Research Unit of Mathematical Sciences, University of Oulu, FI-90014 University of Oulu, Finland.
G3 (Bethesda). 2024 Nov 6;14(11). doi: 10.1093/g3journal/jkae216.
In genomics, use of deep learning (DL) is rapidly growing and DL has successfully demonstrated its ability to uncover complex relationships in large biological and biomedical data sets. With the development of high-throughput sequencing techniques, genomic markers can now be allocated to large sections of a genome. By analyzing allele sharing between individuals, one may calculate realized genomic relationships from single-nucleotide polymorphisms (SNPs) data rather than relying on known pedigree relationships under polygenic model. The traditional approaches in genome-wide prediction (GWP) of quantitative phenotypes utilize genomic relationships in fixed global covariance modeling, possibly with some nonlinear kernel mapping (for example Gaussian processes). On the other hand, the DL approaches proposed so far for GWP fail to take into account the non-Euclidean graph structure of relationships between individuals over several generations. In this paper, we propose one global convolutional neural network (GCN) and one local sub-sampling architecture (GCN-RS) that are specifically designed to perform regression analysis based on genomic relationship information. A GCN is tailored to non-Euclidean spaces and consists of several layers of graph convolutions. The GCN-RS architecture is designed to further improve the GCN's performance by sub-sampling the graph to reduce the dimensionality of the input data.

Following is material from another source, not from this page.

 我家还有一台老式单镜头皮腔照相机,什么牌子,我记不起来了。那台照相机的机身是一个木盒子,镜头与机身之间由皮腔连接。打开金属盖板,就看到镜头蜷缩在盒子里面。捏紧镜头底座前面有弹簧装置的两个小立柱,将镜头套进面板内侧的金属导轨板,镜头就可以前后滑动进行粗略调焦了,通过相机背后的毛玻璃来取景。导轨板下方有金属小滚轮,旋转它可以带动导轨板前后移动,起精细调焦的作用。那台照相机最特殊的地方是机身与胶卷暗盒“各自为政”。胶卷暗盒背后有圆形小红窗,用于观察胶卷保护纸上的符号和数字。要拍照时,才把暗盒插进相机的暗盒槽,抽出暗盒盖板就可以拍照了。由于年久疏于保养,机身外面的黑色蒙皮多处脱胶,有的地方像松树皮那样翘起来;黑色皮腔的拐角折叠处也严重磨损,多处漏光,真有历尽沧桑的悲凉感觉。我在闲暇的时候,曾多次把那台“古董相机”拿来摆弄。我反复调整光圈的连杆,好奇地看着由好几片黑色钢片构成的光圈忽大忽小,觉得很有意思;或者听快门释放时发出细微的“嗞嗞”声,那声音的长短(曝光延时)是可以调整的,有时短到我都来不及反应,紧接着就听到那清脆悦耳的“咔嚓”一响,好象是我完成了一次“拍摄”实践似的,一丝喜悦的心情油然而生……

Through these graph convolutional layers, the GCN maps input genomic markers to their quantitative phenotype values. The graphs are constructed using an iterative nearest neighbor approach. Comparisons show that the GCN-RS outperforms the popular Genomic Best Linear Unbiased Predictor method on one simulated and three real datasets from wheat, mice and pig with a predictive improvement of 4.4% to 49.4% in terms of test mean squared error. This indicates that GCN-RS is a promising tool for genomic predictions in plants and animals. Furthermore, GCN-RS is computationally efficient, making it a viable option for large-scale applications.

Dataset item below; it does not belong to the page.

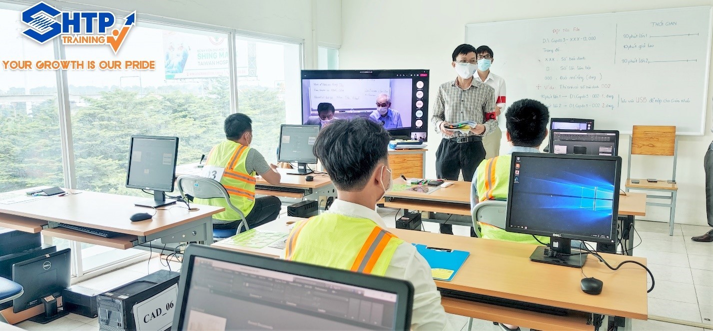 Homepage News SHTP News 02/11/2021 Training / Pilot evaluation on CAD drawing skills according to Japanese standards (SHTP Training) - In order to support laborers in Vietnam to perfect their CAD design skills according to Japanese standards, The Training Center of Saigon Hi-tech Park in collaboration with the Japanese Ministry of Health, Labor and Welfare organized a pilot event to evaluate vocational skills "Drawing 3rd-level CAD designs according to Japanese standards" from October 25, 2021 to October 29, 2021. Assessment of drawing presentation skills according to JIS (Japanese Industrial Standards) is a well-defined Japanese industrial standard used for industrial activities in Japan. The standardization process is coordinated by the Japan Industrial Standards Committee and published through the Japan Standards Association. Model design according to Japanese standards. Training skills to use AutoCAD proficiently will help employees have the ability to organize, manage and execute technical drawings in a scientific, efficient, fast, accurate manner and shorten the time to handle situations when drawing. Grasping the need to improve skills and train technical workers from Enterprises/Groups, at the same time, with the approval of the Department of Vocational Skills - General Department of Vocational Training, The Training Center of Saigon Hi-tech Park (SHTP Training) in collaboration with the Japanese Ministry of Health, Labor and Welfare organized a pilot event to evaluate vocational skills "Drawing 3rd-level CAD designs according to Japanese standards" from October 25, 2021 to October 29, 2021. Dr. Hoang The Ban – Expert of Saigon Hi-tech Park gave a speech at the event. In order to ensure the 5K message of the Ministry of Health, SHTP Training has piloted an organization for 10 Engineers/Technologists from Enterprises/Corporations inside and outside Saigon Hi-tech Park. The entire exam process of the candidates took place with online supervision and direct assessment of 15 experts trained by Japan (including 12 experts from Enterprises and Vocational Schools in Ho Chi Minh City and 03 experts participated online from Hanoi Industrial Vocational College). View of the practice exam room for AutoCAD drawing skills level 3. Candidates who pass the exam will receive a certificate issued by the Japanese Ministry of Health and Labor Welfare. After 5 days of implementation, the program has achieved remarkable milestones: + The first program on CAD was held in Ho Chi Minh City (The Training Center of Saigon High-tech Park is a trusted choice); + The first program on CAD with the participation of online assessment trainers (Hanoi Industrial Vocational College); + The first program in Ho Chi Minh City has an evaluator who is a visiting lecturer of SHTP Training and currently also working at an Enterprise (Khai Phuong Mechanical Co., Ltd); + The first program in Vietnam with 100% of candidates passing the theory exam of Vocational Skills according to Japanese standards (Exam questions are taken from the question bank of the Japanese Ministry of Health and Labor Welfare); + The program was held with online observation from Korean Enterprises (Hwacheon Machine Tool Vietnam Co., Ltd); Japanese enterprises (Toyooka Automation Company, Mitsubishi Electric Vietnam, SMC Vietnam, ...) Some pictures from the event: View of the theory exam of AutoCAD drawing skills level 3. Candidates perform the practical exam on AutoCAD software. SHTP Training 40 view

在基因组学中,深度学习(DL)的使用正在迅速增长,并且 DL 已经成功地证明了其在揭示大型生物和生物医学数据集的复杂关系方面的能力。随着高通量测序技术的发展,现在可以将基因组标记分配到基因组的大片段。通过分析个体之间的等位基因共享,可以从单核苷酸多态性(SNP)数据中计算出实际的基因组关系,而不是依赖于多基因模型下已知的系谱关系。在全基因组预测(GWP)中,传统的定量表型预测方法利用固定全局协方差建模中的基因组关系,可能会使用一些非线性核映射(例如高斯过程)。另一方面,到目前为止,用于 GWP 的 DL 方法未能考虑到几代人之间个体之间的非欧几里得关系图结构。在本文中,我们提出了一种全局卷积神经网络(GCN)和一种局部子采样架构(GCN-RS),它们专门用于基于基因组关系信息进行回归分析。GCN 针对非欧几里得空间进行了定制,由几层图卷积组成。GCN-RS 架构旨在通过对子图进行采样来降低输入数据的维度,从而进一步提高 GCN 的性能。通过这些图卷积层,GCN 将输入的基因组标记映射到它们的定量表型值。图是使用迭代最近邻方法构建的。比较表明,GCN-RS 在一个模拟和来自小麦、小鼠和猪的三个真实数据集上均优于流行的基因组最佳线性无偏预测方法,在测试均方误差方面的预测提高了 4.4%至 49.4%。这表明 GCN-RS 是一种用于植物和动物基因组预测的有前途的工具。此外,GCN-RS 计算效率高,是大规模应用的可行选择。